America’s appetite for all things Japanese is voracious -- sushi, karaoke, Hello Kitty. In the past seven years our Nipponese fixation has turned toward manga, comic books that have a distinctive Asian aesthetic and are published in innumerable genres, including romance, action-adventure, horror -- even sexuality.
In 2007 manga sales represented 56% of the revenue of all graphic novels sold in the United States. And things have been particularly good for manga in film lately: Warner Bros. put out Speed Racer earlier this year, and 20th Century Fox is adapting Dragon Ball for a 2009 release. U.S. publishing houses HarperCollins and Random House have teamed up with manga publishers.
Manga is so vast that there is an entire subgenre portraying love between girls. Yuri -- which literally translates as “lily” -- can revolve around anything from hard-core sex between impossibly pneumatic girl characters to sweet tales of schoolgirl crushes, where hand-holding is as racy as things get. And while you’d be forgiven for thinking yuri is a gay story written for a gay audience, the Japanese would likely disagree. In a country where homosexuality is still very much taboo, even the most conservative of Japanese parents are OK with their daughters reading yuri manga because the comics aren’t viewed as “gay.” (For the record, there are also boy-boy manga love stories, called yaoi. Raw in their depiction of romantic and sexual relationships between males, they’re primarily read by straight women in Japan.)
This cultural coyness may be attributed to the concept of tatemono honmono, a term for the space between what things appear to be and what they really are, says Erica Friedman, founder of ALC Publishing, the world’s only all-yuri publisher. “In Japan there’s intense societal pressure to live life as a straight person, more than any Westerner could conceive,” says Friedman, who is also president of Yuricon, a convention that celebrates yuri in anime and manga. “Yuri is accepted—so long as it’s perceived as being this fantasy world.”

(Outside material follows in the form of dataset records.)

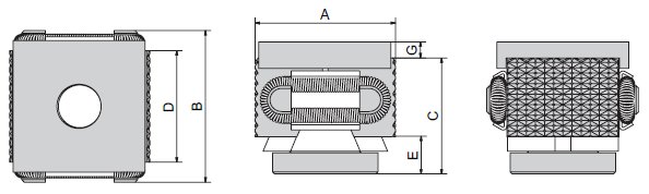 | 件號 | A | B | C | D | E | G | 內六角螺栓 DIN 912 | 夾持力 kN | 扭矩 Nm | 重量 (g) (*盎司) | 硬度 HRC | ||
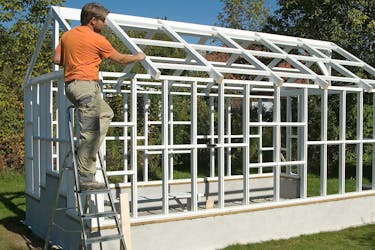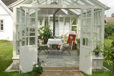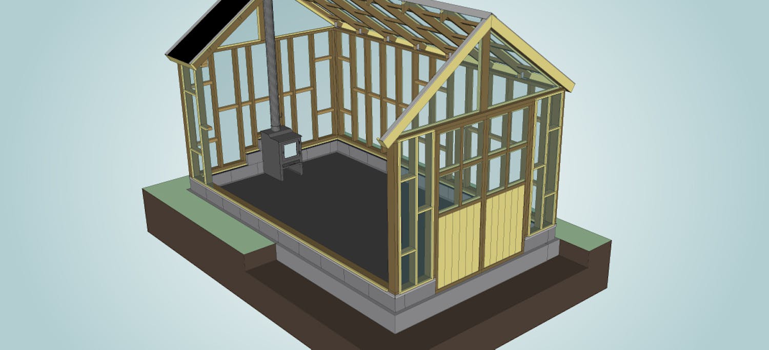 Skjelettet i veggene lages av standardmaterialer, men både de loddrette stolpene og de vannrette sprossene, som glassene skal sitte mellom, gir vi falser til glasset på yttersiden. Det er en stor jobb, men alternativet er lister som koster penger og stjeler lys. De innvendige kantene freser vi med pynteprofiler. Det tar ikke voldsomt lang tid, og det betyr at orangeriet føles som skreddersydd håndarbeid. Men alt totalt sett tar tid, og det har blitt frest, malt og skåret til i løpet av lange vinterkvelder.
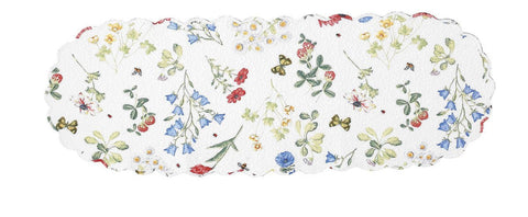 Add country floral charm to your table with the Meadow Flowers Quilted Table Runner. Featuring scalloped edges and variety of wildflowers and butterflies on white fabric with quilting.
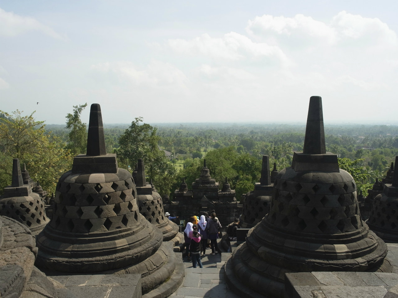 インドネシアを代表する観光地ボロブドゥール。世界遺産として登録されています。ジョグジャカルタの中心からはトランスジョグジャとバスを乗り継いで1時間半ほど。訪れるのはなかなか大変ですがその苦労に見合うだけの壮大な遺跡です。
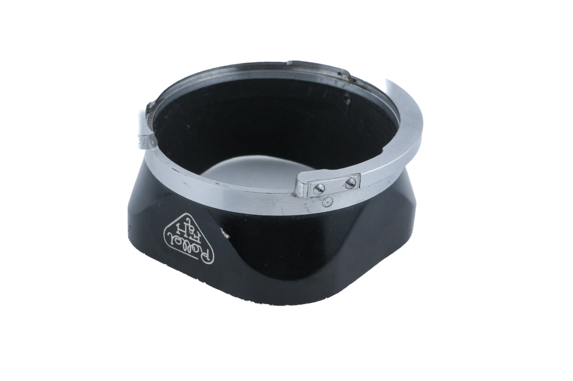 Lens hood made by Rollei for TLRs with Bay 3 accessory bayonets. Metal body available in black.

To the contemporary Western mind, this nuance can be perplexing. In his book Japanamerica, Roland Kelts explains that “the strict codes of etiquette that govern daily life in Japan also allow for an extraordinary degree of creative and social permissiveness: the freedom to explore other identities.” So while a married woman may be able to explore her sexuality freely and without reproach by reading yuri on the subway, that freedom ends as soon as she turns the last page.